I did it this way as I didn't want to drain the pond.


----------



## crabapple (Jan 1, 2012)

I can make a little pond, but I would like more details on how to dig a big
pond like you are talking about.
How do I do this?


----------



## oldasrocks (Jun 30, 2012)

crabapple, I wrote a long answer to this and somehow it crashed. So I will rewrite in 3 or more answers so I don't have to rewrite it all again if it recrashes.

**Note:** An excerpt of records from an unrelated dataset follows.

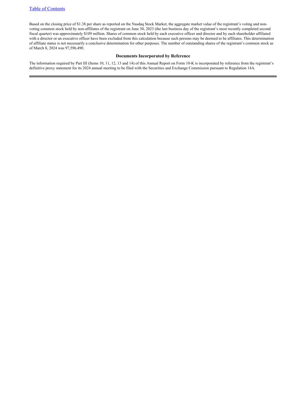 Based on the closing price of $1.38 per share as reported on the Nasdaq Stock Market, the aggregate market value of the registrant’s voting and non- voting common stock held by non-affiliates of the registrant on June 30, 2023 (the last business day of the registrant’s most recently completed second fiscal quarter) was approximately $109 million. Shares of common stock held by each executive officer and director and by each shareholder affiliated with a director or an executive officer have been excluded from this calculation because such persons may be deemed to be affiliates. This determination of affiliate status is not necessarily a conclusive determination for other purposes. The number of outstanding shares of the registrant’s common stock as of March 8, 2024 was 97,596,490. Documents Incorporated by Reference The information required by Part III (Items 10, 11, 12, 13 and 14) of this Annual Report on Form 10-K is incorporated by reference from the registrant’s definitive proxy statement for its 2024 annual meeting to be filed with the Securities and Exchange Commission pursuant to Regulation 14A. Table of Contents
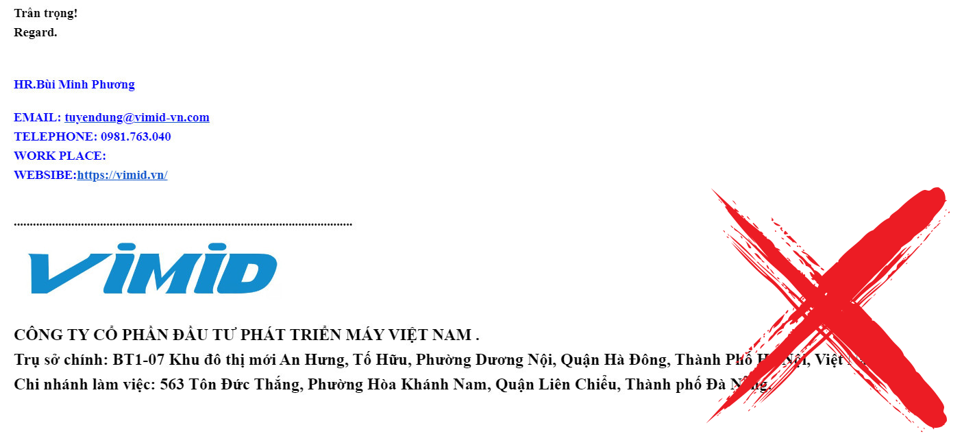 Do đó, VIMID khuyến cáo tất cả khách hàng, ứng viên nên đề cao cảnh giác trước các thủ đoạn tinh vi với các thông tin tuyển dụng của các đối tượng lừa đảo đang lan tràn hiện nay. VIMID luôn đứng về quyền lợi, lợi ích của người lao động và khách hàng.
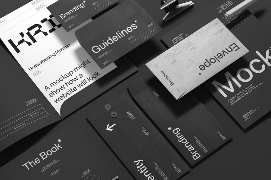 一套完整的文具样机,包含信封、文件夹、文档和品牌元素,用于展示品牌标识设计。此布局提供了清晰的展示空间,可用于呈现徽标、字体和视觉指南
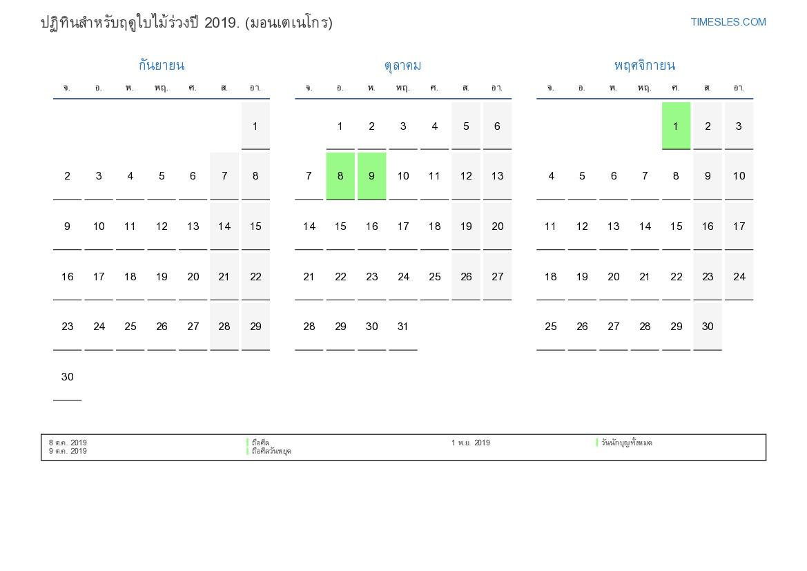 ปฏิทินสำหรับฤดูใบไม้ร่วงปี 2019 สำหรับมอนเตเนโกร

First you need to figure out if you have enough drainage to keep a pond full. This varies from place to place depending on rainfall and drainage. The local Extension Office should be able to help you with that. 2nd Make sure the drainage water is not polluted by whatever. Pasture drainage is preferred even though there may be some cow poop in it. Road drainage is BAD due to fuel and oils.


----------



## oldasrocks (Jun 30, 2012)

Figure out your soil down to 12 ft or so. Ask a lot of questions to Extension, well drillers in the area, neighbors with a pond etc. Or just get a backhoe and dig down and see.

We have hardpan rocks down to 3 ft then nice clay. The pond stayed lower til enough silt plugged up the hardpan leaks. As someone said- raise hogs in the bottom and they will root and poop to seal the pond easier.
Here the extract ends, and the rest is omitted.